The delegation traveled to explore potential opportunities for the Service to work with the Dominican Republic in identifying and implementing actions to help address our mutual interests. The delegation met with government officials from the Ministry of the Environment, representatives from nongovernmental organizations, other government agencies, and local communities bordering the park and visited the affected areas. These conversations laid the groundwork for further collaboration between USFWS and the Dominican Republic government and NGOs to address the issues affecting our shared migratory birds.

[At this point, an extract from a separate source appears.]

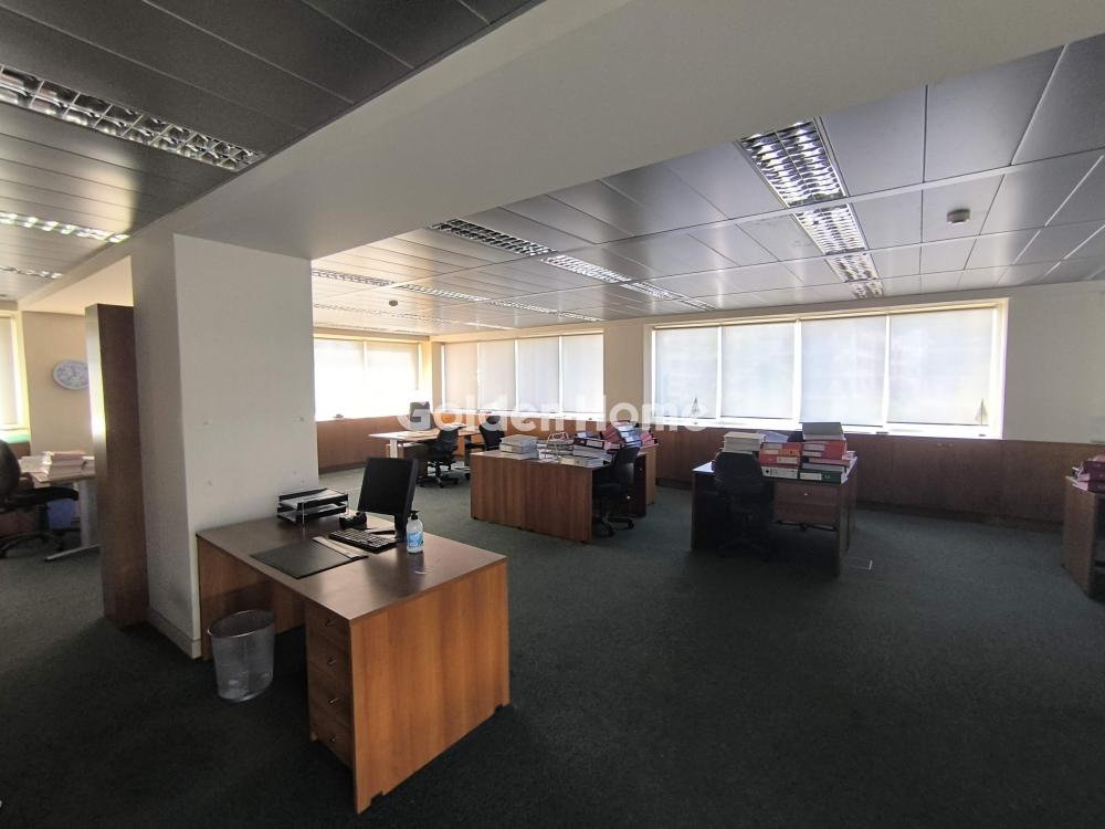 Office space, 600 sq.m., 15 parking spaces, in a key location, on the 1st floor, dual-aspect, frontage, air conditioning, ventilation, structured cabling, fiber optics, generator, fire detection system, fully equipped, internal staircase, unloading ramp, elevator, aluminum frames, suspended ceiling, alarm system, and wheelchair-accessible ramp. Built in 2006.

US Fish and Wildlife Service (USFWS) Neotropical Migratory Bird Conservation Act (NMBCA) has funded projects in the Bahoruco region to try to improve management of protected areas by aiding park guards with support, adding signage, promoting ecotourism, reforesting and undertaking other conservation actions. NMBCA grantees, match partners or subgrantees have included: American Bird Conservancy, BirdsCaribbean, Vermont Center for Ecostudies, Bridges to Community, Sociedad Ornitológica de La Hispaniola (Hispaniolan Ornithological Society), and Grupo Jaragua, as well as the Dominican Ministry of the Environment.